Step-by-step: designing your own SKU naming convention
Worked example: category "Hoodie" → HOO, brand "Nova" → NOV, size "Medium" → M, colour "Charcoal" → CHR, giving HOO-NOV-M-CHR. Add a two-digit batch suffix if you restock the same combination from a different supplier later — HOO-NOV-M-CHR-02.
- List the attributes that actually help you find stock fast. For most shops that's category, brand or supplier, size, and colour — resist the urge to add more than four or five, or the code becomes unreadable.
- Decide an abbreviation rule per attribute. "Hoodie" might become "HOO" (first three letters), "Extra Large" might become "XL" (an initials rule), and a colour list might use a fixed custom mapping so "Charcoal" always shortens to "CHR", never "CHA" one week and "CHR" the next.
- Pick one separator and stick to it. A hyphen is the safest universal choice — it survives copy-paste into Excel and most marketplace bulk-upload templates without being reinterpreted as a formula or a date.
- Add a sequential number if two products could otherwise collide. Zero-pad it (001, 002…) so the codes sort correctly in a spreadsheet.
- Decide on a maximum length before you generate anything. Marketplace fields have hard limits (see below), and a 40-character SKU isn't more informative than a 14-character one — it's just harder to read on a shelf.
Best practices — and the mistakes that come back to bite you
- Avoid the letter O and the digit 0 together, and the letter I or lowercase l next to the digit 1 — on a printed label these are genuinely hard to tell apart. This generator flags both automatically.
- Never start a SKU with a zero. Excel and Google Sheets silently strip leading zeros when a cell is treated as a number, turning "007-BLU" into "7-BLU" the moment someone re-opens your export.
- Don't encode information that changes — a supplier's cost price or a shelf location. Both change independently of the product itself.
- Keep the format identical across your whole catalogue. A SKU scheme that's 8 characters for one category and 14 for another looks fine until you try to sort a spreadsheet by SKU and the columns don't line up.
- Stick to A–Z, 0–9, hyphens, underscores and full stops. Spaces and special characters cause silent failures in CSV imports on most marketplace bulk tools.
Marketplace-specific SKU rules for Gibraltar-based sellers
Cross-border selling on Amazon.co.uk and eBay UK is the most common route for Gibraltar sellers, given the territory's trading relationship with the UK. Amazon's "Seller SKU" field allows up to 40 characters, and eBay's equivalent "Custom Label" field allows 50 — both are internal-only fields, never shown to buyers, and both strongly favour plain letters, numbers and hyphens over special characters, which have historically caused feed errors.
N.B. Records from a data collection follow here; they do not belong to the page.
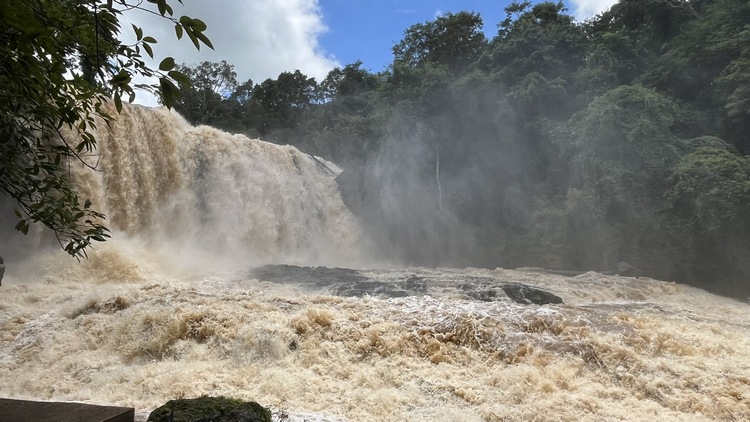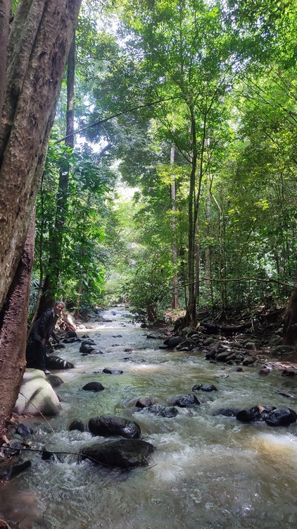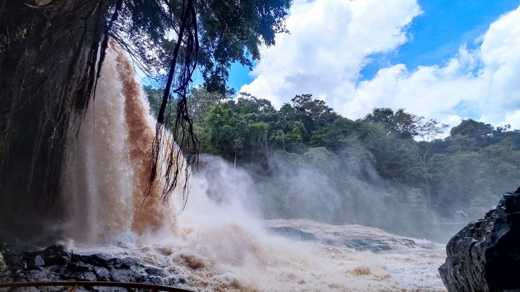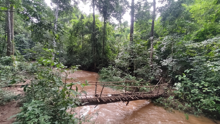 bunong, la minoría étnica más numerosa en las montañas camboyanas, de esta manera también el dinero va directamente a familias necesitadas. Eran dos guías jóvenes, entre 25 y 30 años, conocedores del bosque y buenos ojeadores. Avistamos más de una veintena de micos a lo largo del día, en la mayoría de los casos trasladándose entre las copas de los árboles, y disfrutamos de una agradable comida cocinada en una hoguera de bambú. En el camino de vuelta, paramos a ver la cascada de Laeng Kao, una preciosa caída de agua a unos cientos de metros de la carretera.
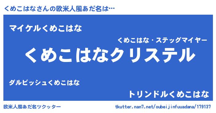 | 意味不明あだ名 | 『くめこはなフォーエバー』 |
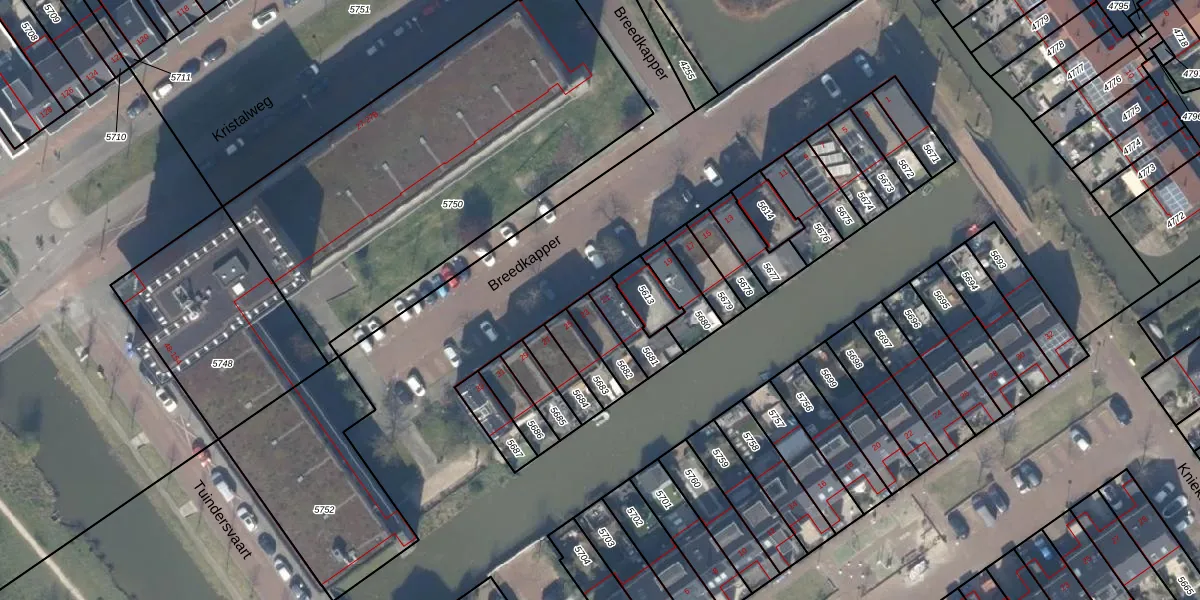 Breedkapper 21 is gelegen op kadastraal perceel DEL00X5681. Deze kadastrale aanduiding is uniek en wordt gebruikt door het Kadaster om eigendomsrechten en andere zakelijke rechten vast te leggen. Het perceel maakt onderdeel uit van de kadastrale gemeente Delft.

Because Gibraltar sits outside the EU customs union while trading heavily with both the UK and EU markets, sellers frequently list the same product across UK and EU marketplaces under the same internal SKU but different regional listing IDs — keeping one master SKU list, generated once here, avoids maintaining separate numbering schemes per marketplace.
Bulk workflow: from spreadsheet chaos to a clean variant matrix
The single biggest time cost in SKU management is entering size/colour combinations one at a time. If you stock 4 sizes and 5 colours across 3 styles, that's 60 SKUs — manageable in this tool in under a minute, because entering "S, M, L, XL" once against Size and all five colour names once against Colour generates every combination automatically as a true cartesian matrix, not a queue of single-item forms.
Once generated, sort the results table by any column to spot-check a size run, copy the whole set to your clipboard, or export to CSV or Excel. The Excel export writes every SKU as text, not a number, so codes with leading digits or hyphens import into your inventory system or a marketplace bulk-upload template exactly as generated.